Records from a data source
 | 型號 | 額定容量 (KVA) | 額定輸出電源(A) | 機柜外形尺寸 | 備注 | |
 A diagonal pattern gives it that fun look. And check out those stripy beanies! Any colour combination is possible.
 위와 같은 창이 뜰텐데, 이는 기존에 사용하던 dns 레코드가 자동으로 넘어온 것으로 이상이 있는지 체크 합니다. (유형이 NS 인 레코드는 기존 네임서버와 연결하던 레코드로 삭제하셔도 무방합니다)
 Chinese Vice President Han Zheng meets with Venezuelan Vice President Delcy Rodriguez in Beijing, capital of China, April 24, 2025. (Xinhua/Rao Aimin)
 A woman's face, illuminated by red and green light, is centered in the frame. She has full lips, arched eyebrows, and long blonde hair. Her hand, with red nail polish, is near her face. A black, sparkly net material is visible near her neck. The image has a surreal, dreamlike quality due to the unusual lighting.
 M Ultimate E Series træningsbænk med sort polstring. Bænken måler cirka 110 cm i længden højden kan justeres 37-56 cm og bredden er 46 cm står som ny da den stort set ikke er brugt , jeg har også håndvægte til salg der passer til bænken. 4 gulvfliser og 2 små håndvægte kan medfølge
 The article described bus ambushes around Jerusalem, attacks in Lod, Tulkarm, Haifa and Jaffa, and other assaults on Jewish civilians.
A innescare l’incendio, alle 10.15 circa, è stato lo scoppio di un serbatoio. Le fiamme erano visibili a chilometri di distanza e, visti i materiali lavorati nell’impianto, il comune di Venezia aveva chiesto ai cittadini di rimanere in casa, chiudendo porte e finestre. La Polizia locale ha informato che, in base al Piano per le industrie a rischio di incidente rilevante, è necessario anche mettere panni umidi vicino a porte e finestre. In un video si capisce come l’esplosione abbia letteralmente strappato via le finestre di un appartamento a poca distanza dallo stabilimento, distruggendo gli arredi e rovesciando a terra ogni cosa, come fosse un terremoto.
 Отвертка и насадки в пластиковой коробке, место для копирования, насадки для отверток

### What the exercise asks:
Set down exactly the lines from the start of the records to the line with "위와 같은 창이 뜰텐데, 이는". Include that line, and add nothing more.

### Answer for this exercise:
 | 型號 | 額定容量 (KVA) | 額定輸出電源(A) | 機柜外形尺寸 | 備注 | |
 A diagonal pattern gives it that fun look. And check out those stripy beanies! Any colour combination is possible.
 위와 같은 창이 뜰텐데, 이는 기존에 사용하던 dns 레코드가 자동으로 넘어온 것으로 이상이 있는지 체크 합니다. (유형이 NS 인 레코드는 기존 네임서버와 연결하던 레코드로 삭제하셔도 무방합니다)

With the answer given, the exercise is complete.